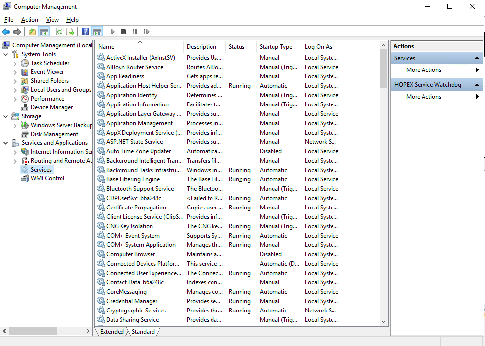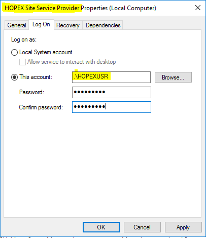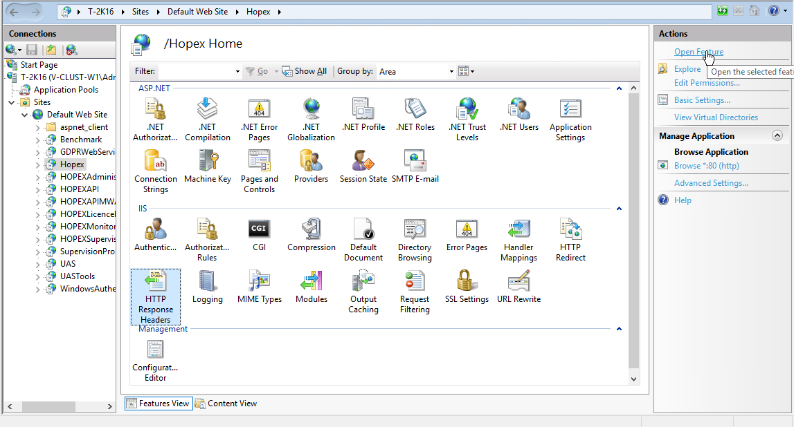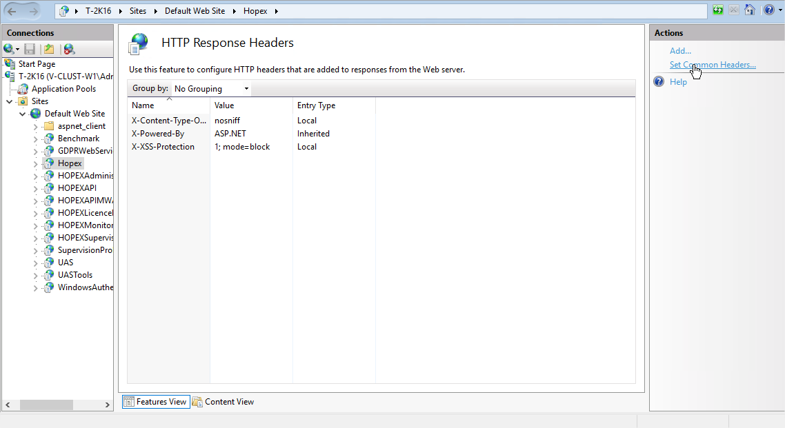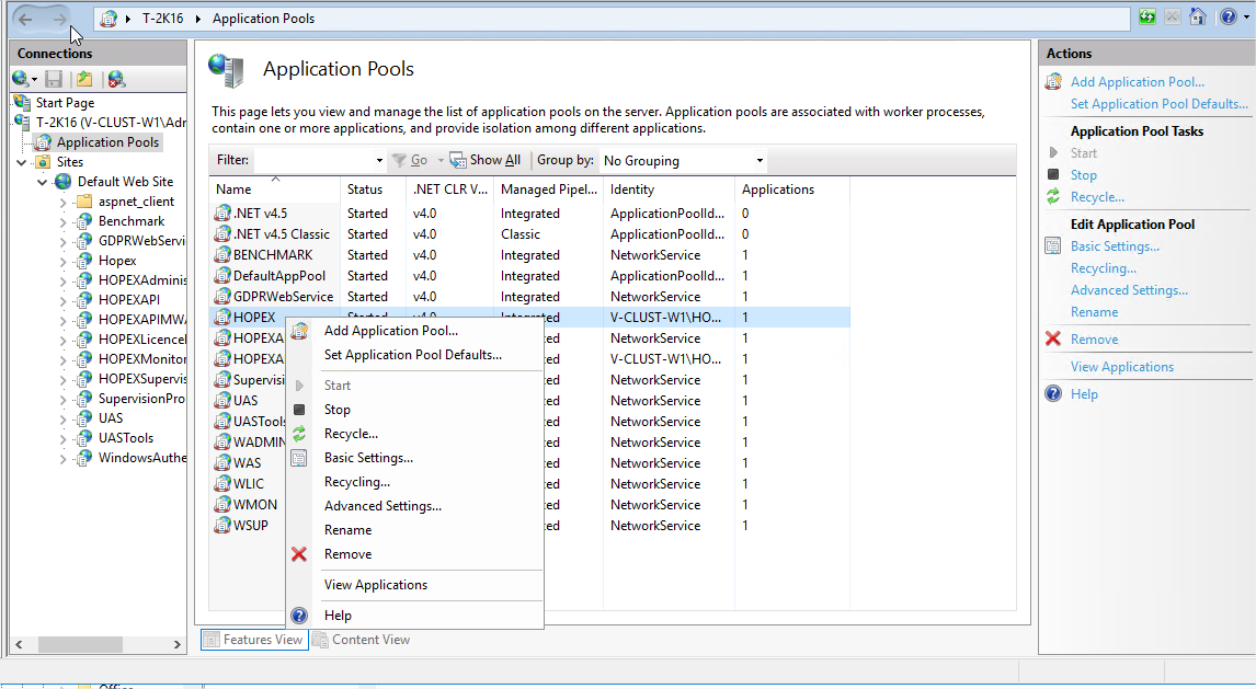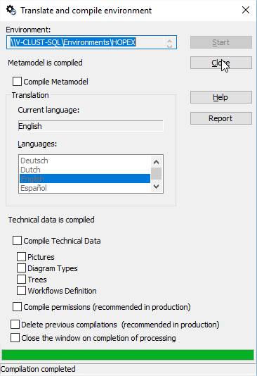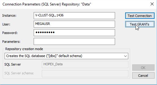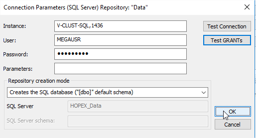 We use a SQL Server native account called “MEGAUSR”. Password is shared to the people that can use this platform to deploy the solution. It has “dbcreator” right at the instance level, as well as the securable “view server state”. Thus, it will be able to create new databases through Hopex.
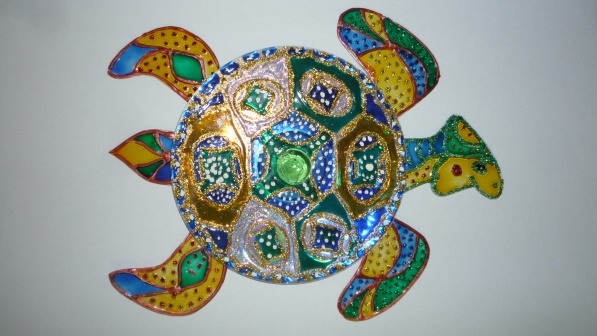 - Vamos dar uma volta - esta é a futura carapaça de uma tartaruga. Para começar, desenhe uma concha usando um contorno decorativo em um círculo. Em seguida, desenhe o contorno dos fragmentos de vitrais em torno de toda a circunferência da casca.
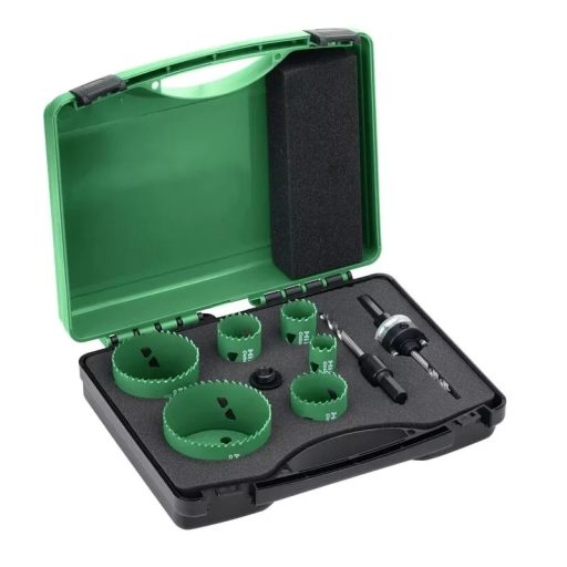 A Hitachi HSS Bimetál II./2 körkivágó készlet kifejezetten villanyszerelők és szerelési szakemberek számára készült. A bimetál ötvözetű, nagy kopásállóságú körkivágók ideálisak acélöntvényekhez, szerkezeti acélokhoz, alumínium- és rézötvözetekhez, fához, műanyaghoz és gipszkartonhoz. Megbízható megoldás konnektorok, kapcsolók és kábelátvezetések kivágásához.
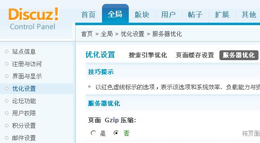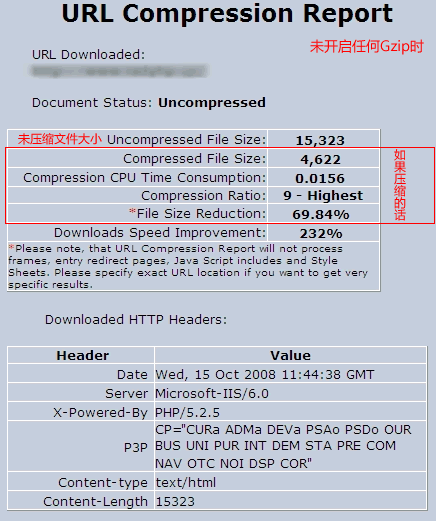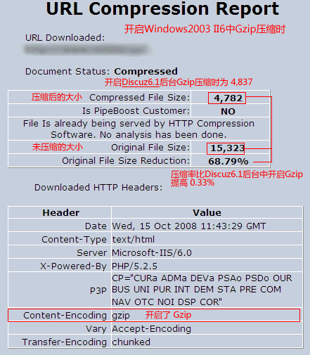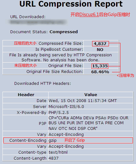 如果不关闭,压缩效果将会降低 0.33% (不关闭,则就是2个Gzip压缩了,而输出时,将优先使用Discuz6.1后台的,所以会下降,一定要关闭)
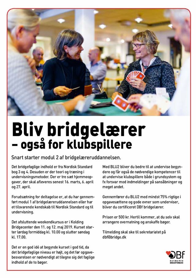 Sidste frist for tilmelding til BLU2 er nu på lørdag d. 16. februar, så vil du med, så skriv til dbf@bridge.dk og tilmeld dig.
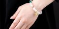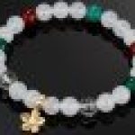 This bracelet has about a 6.5” circumference, to help you better gauge if it will fit your hand. The different beads are made of Amazonite, green, red, and white agate, and quartz and seem as though they could call to mind the materia you’d use in the game. The charm has a yellow plating to it, to resemble the yellow lilies, but is made of SV925 silver.
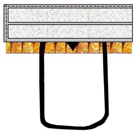 Clavija juntos la sección superior de la bolsa en el borde superior de la bolsa, derecho contra derecho y emparejar las juntas en ambas piezas. Usando una costura 1⁄4in, coser todo alrededor de la parte superior de la bolsa; Presione hasta que los bordes de la guata a tope para evitar una combinación voluminosa. Véase la figura 17.
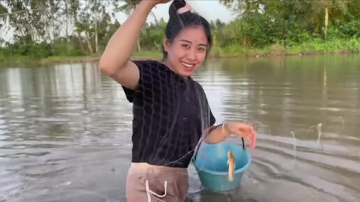 Вьетнамка с маленьким ведерком ищет рыбу и крабов КАК грибы

Exercise directions>
Every line of the listing is to be repeated exactly, and the pictures are to be dropped.

Task answer>
 We use a SQL Server native account called “MEGAUSR”. Password is shared to the people that can use this platform to deploy the solution. It has “dbcreator” right at the instance level, as well as the securable “view server state”. Thus, it will be able to create new databases through Hopex.
 - Vamos dar uma volta - esta é a futura carapaça de uma tartaruga. Para começar, desenhe uma concha usando um contorno decorativo em um círculo. Em seguida, desenhe o contorno dos fragmentos de vitrais em torno de toda a circunferência da casca.
 A Hitachi HSS Bimetál II./2 körkivágó készlet kifejezetten villanyszerelők és szerelési szakemberek számára készült. A bimetál ötvözetű, nagy kopásállóságú körkivágók ideálisak acélöntvényekhez, szerkezeti acélokhoz, alumínium- és rézötvözetekhez, fához, műanyaghoz és gipszkartonhoz. Megbízható megoldás konnektorok, kapcsolók és kábelátvezetések kivágásához.
 如果不关闭,压缩效果将会降低 0.33% (不关闭,则就是2个Gzip压缩了,而输出时,将优先使用Discuz6.1后台的,所以会下降,一定要关闭)
 Sidste frist for tilmelding til BLU2 er nu på lørdag d. 16. februar, så vil du med, så skriv til dbf@bridge.dk og tilmeld dig.
 This bracelet has about a 6.5” circumference, to help you better gauge if it will fit your hand. The different beads are made of Amazonite, green, red, and white agate, and quartz and seem as though they could call to mind the materia you’d use in the game. The charm has a yellow plating to it, to resemble the yellow lilies, but is made of SV925 silver.
 Clavija juntos la sección superior de la bolsa en el borde superior de la bolsa, derecho contra derecho y emparejar las juntas en ambas piezas. Usando una costura 1⁄4in, coser todo alrededor de la parte superior de la bolsa; Presione hasta que los bordes de la guata a tope para evitar una combinación voluminosa. Véase la figura 17.
 Вьетнамка с маленьким ведерком ищет рыбу и крабов КАК грибы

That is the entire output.